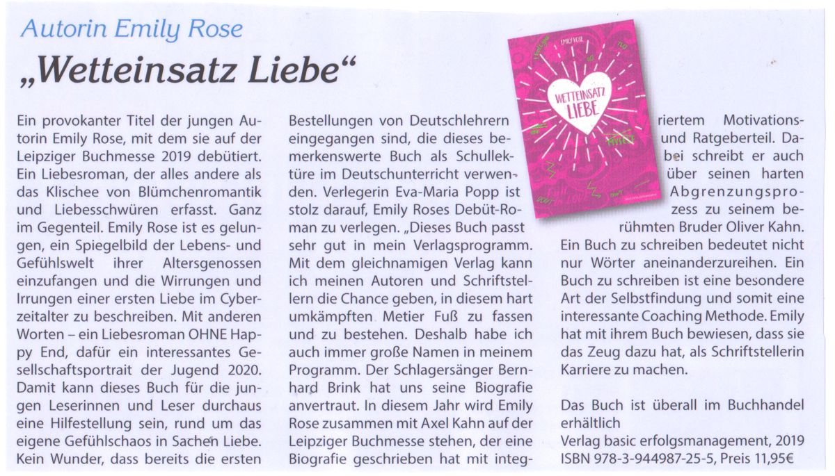 Wetteinsatz Liebe ist ein Buch, das die Verwirrungen und Irrungen junger Menschen sehr spannend und ehrlich wiedergibt. Hautnah werden die Leser förmlich in den Sog der spannenden Handlung gezogen. Wo sind die Grenzen? Ist es Liebe oder einfach nur Sex? Ist es Gefühl oder Berechnung? Ist es Spiel oder bitterer Ernst? Was ist Wahrheit? Wer gewinnt dieses Spiel um die Gefühle? Kann es ein Happy End geben?
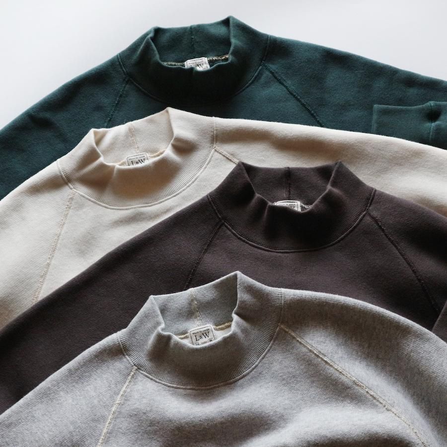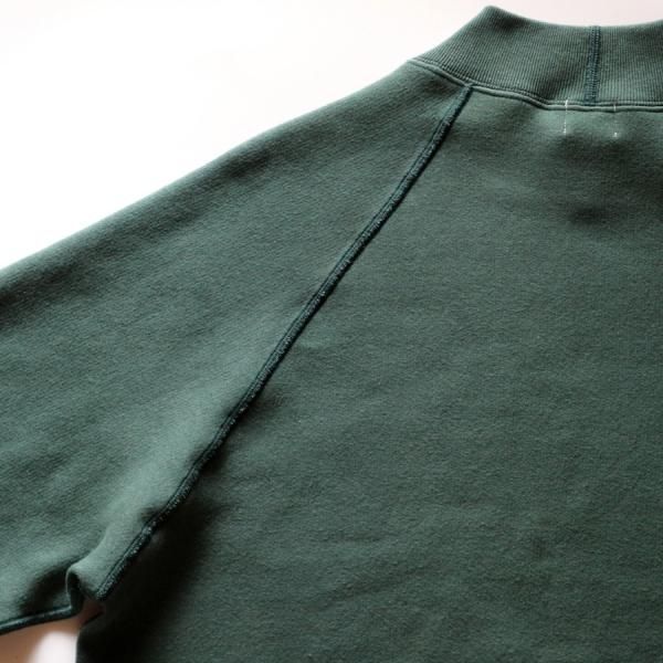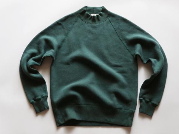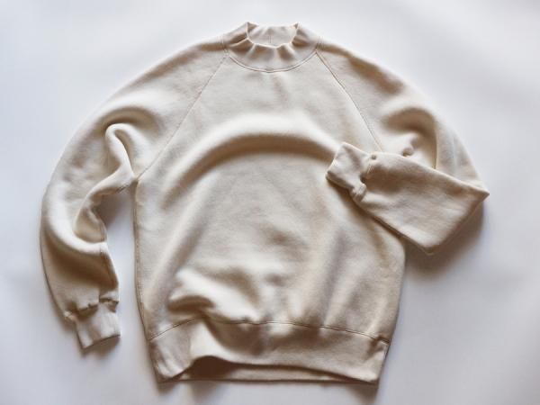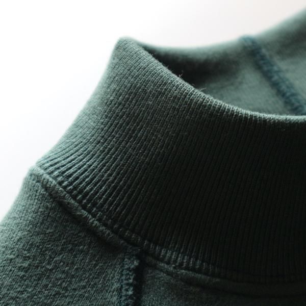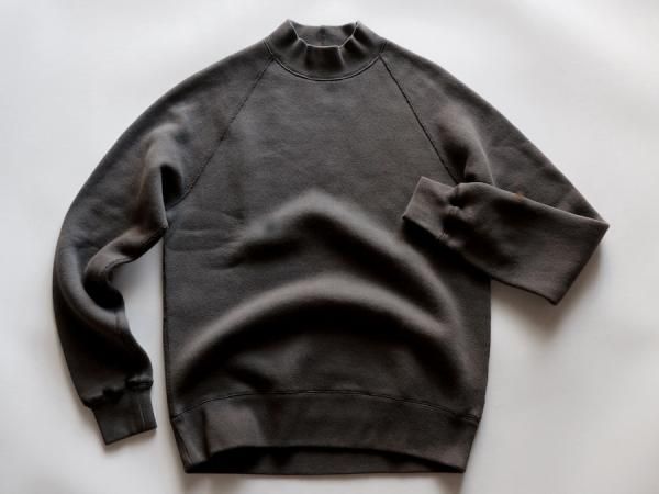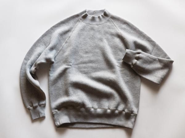 形は、60sのラグランスウェットシャツから着想を得た、保温性の高いミドルネックプルオーバー。肩、腕の可動域が広く、運動性、着心地、着脱に優れるクラシカルな直線ラグランスリーブ、熟練技術者が時間をかけ縫い上げる4本針フラットシーム縫製、暖かくヨレにくい厚手のリブ、古い年代のスウェット生地と同じ起毛加工で仕上げた保温性の高い羊毛状の特殊な裏起毛等、細かなディテールを手間をかけ再構築し、存在感のある4本針のステッチワークは、全体の雰囲気をさらに引き立てるデザイン。肩線のないラグランは、肩幅、肩形状を気にすることなく着用でき、身幅に程よいゆとりを持たせたシルエットは着やすさを高めながら、レイヤードにも対応できるバランスの良いレギュラーフィットに仕立てています。
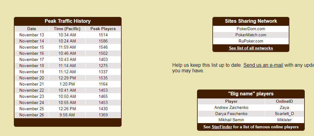Поскольку ПокерДом является еще сравнительно молодым оператором, его статистические показатели значительно уступают зарубежным румам.
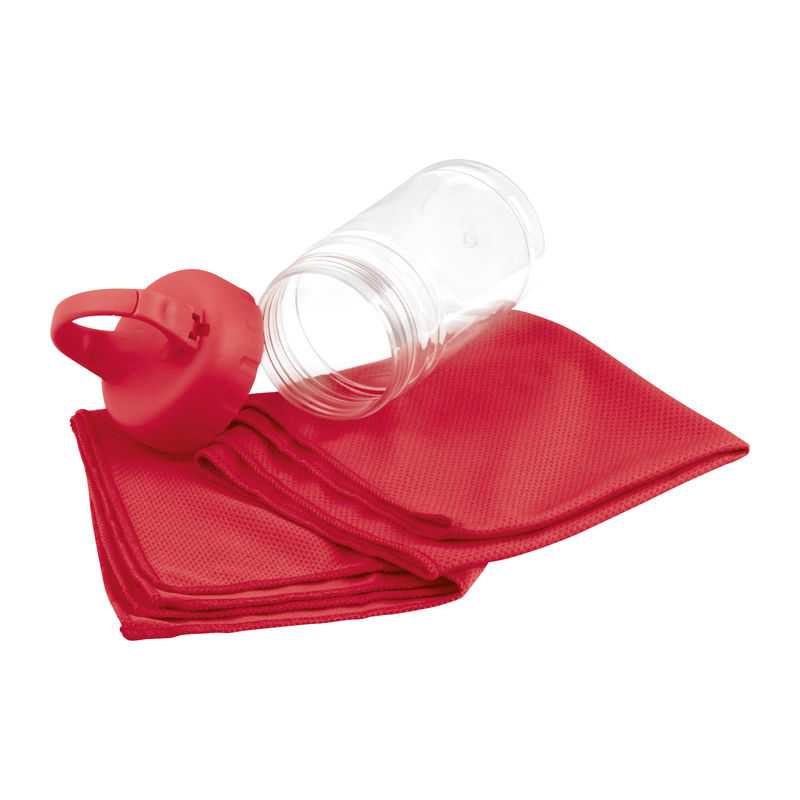 Trendy sportovní ručník v plastovém pouzdře s karabinou pro nejlepší osvěžení při sportovní aktivitě. Velikost ručníku je 79 x 29 cm.

▬▬▬

■ Goal of the exercise ■
I would like the lines from the one with "Поскольку ПокерДом является" through the last line of the data above retyped exactly, with pictures left out, please.

■ Task solution ■
Поскольку ПокерДом является еще сравнительно молодым оператором, его статистические показатели значительно уступают зарубежным румам.
 Trendy sportovní ručník v plastovém pouzdře s karabinou pro nejlepší osvěžení při sportovní aktivitě. Velikost ručníku je 79 x 29 cm.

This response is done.